Cooling therapy slows down the metabolism and has to be applied within six hours to be of benefit. In some applications of the therapy, a blanket filled with running cold is placed around the baby to reduce the body temperature from 37.4 degrees Celsius to 33.5 degrees Celsius for a period of 72 hours.

“We would have to be in very cold water to experience that kind of temperature,” Dr Murray said.

People have realised for a long time that if a body was cold even in near drowning incidents it could still recover and the benefits of cold water for babies was also noticed in Russia in the last century, she said.

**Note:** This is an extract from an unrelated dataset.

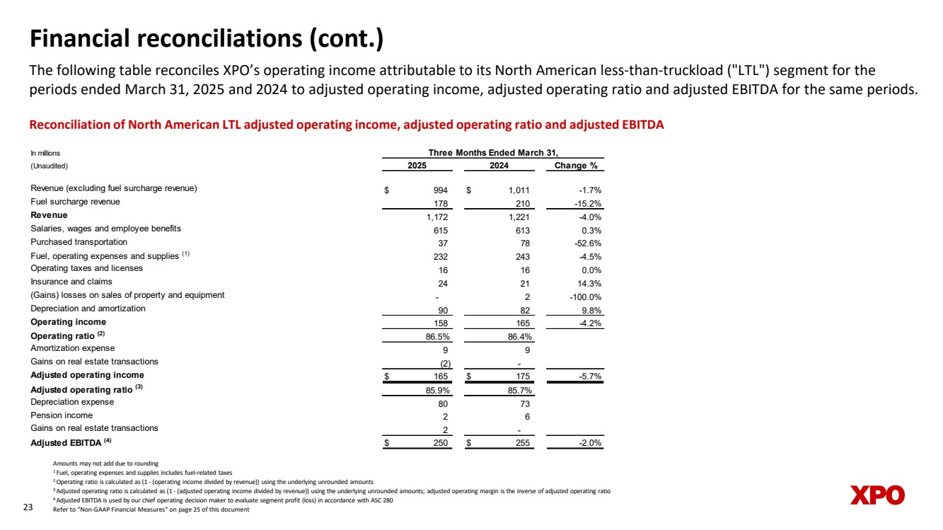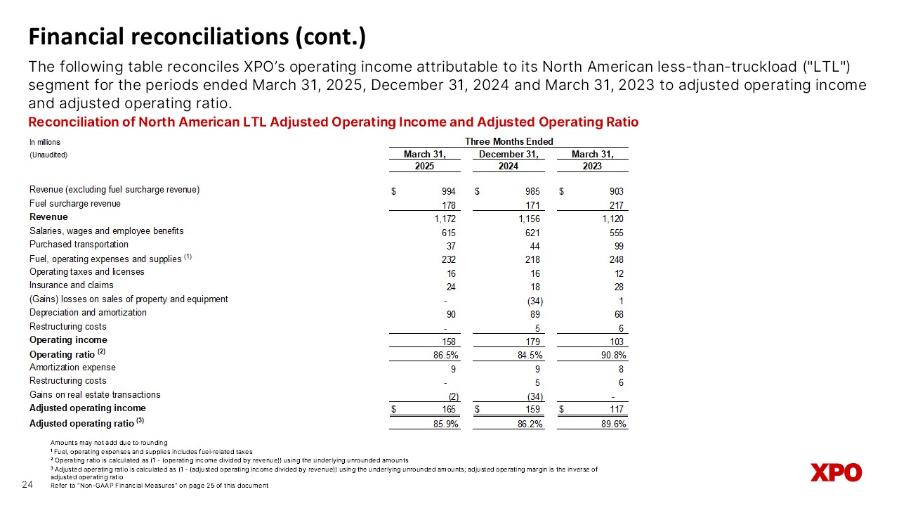 Financial reconciliations (cont.) The following table reconciles XPO’s operating income attributable to its North American less - than - truckload ("LTL") segment for the periods ended March 31, 2025 and 2024 to adjusted operating income, adjusted operating ratio and adjusted EBITDA for the same periods. 23 Reconciliation of N orth American LTL adjusted operating income, adjusted operating ratio and adjusted EBITDA Amounts may not add due to rounding 1 Fuel, operating expenses and supplies includes fuel - related taxes 2 Operating ratio is calculated as (1 - (operating income divided by revenue)) using the underlying unrounded amounts 3 Adjusted operating ratio is calculated as (1 - (adjusted operating income divided by revenue)) using the underlying unrounded am ounts; adjusted operating margin is the inverse of adjusted operating ratio 4 Adjusted EBITDA is used by our chief operating decision maker to evaluate segment profit (loss) in accordance with ASC 280 Refer to “Non - GAAP Financial Measures” on page 25 of this document In millions (Unaudited) Change % Revenue (excluding fuel surcharge revenue) $ 994 $ 1,011 -1.7% Fuel surcharge revenue 178 210 -15.2% Revenue 1,172 1,221 -4.0% Salaries, wages and employee benefits 615 613 0.3% Purchased transportation 37 78 -52.6% Fuel, operating expenses and supplies (1) 232 243 -4.5% Operating taxes and licenses 16 16 0.0% Insurance and claims 24 21 14.3% (Gains) losses on sales of property and equipment - 2 -100.0% Depreciation and amortization 90 82 9.8% Operating income 158 165 -4.2% Operating ratio (2) 86.5% 86.4% Amortization expense 9 9 Gains on real estate transactions (2) - Adjusted operating income $ 165 $ 175 -5.7% Adjusted operating ratio (3) 85.9% 85.7% Depreciation expense 80 73 Pension income 2 6 Gains on real estate transactions 2 - Adjusted EBITDA (4) $ 250 $ 255 -2.0% 2025 2024 Three Months Ended March 31,

However it is only in this century the research has pinned it down and since 2009 has been widely used.

The research was carried out on lambs in New Zealand and on piglets in the UK and then on small studies on babies followed by large randomised control trial.

Followed up seven or eight years later, babies who were at risk at birth and who had been cooled showed lower rates of disabilities. “It is quite a safe therapy,” Dr Murray said.

The pioneers of the research are speaking at a ' Brain Monitoring and Neuroprotection in the Newborn; conference being hosted by the UCC INFANT centre in Killarney this weekend.

Four maternity hospitals in the State have cooling therapy available, the three main maternity hospitals in Dublin, as well as CUH in Cork.

For others such as the maternity unit in Tralee it is important to have the babies transferred within the six hour period. And for the therapy to be of most benefit it should begin soon after birth, and certainly within three hours, Dr Murray said.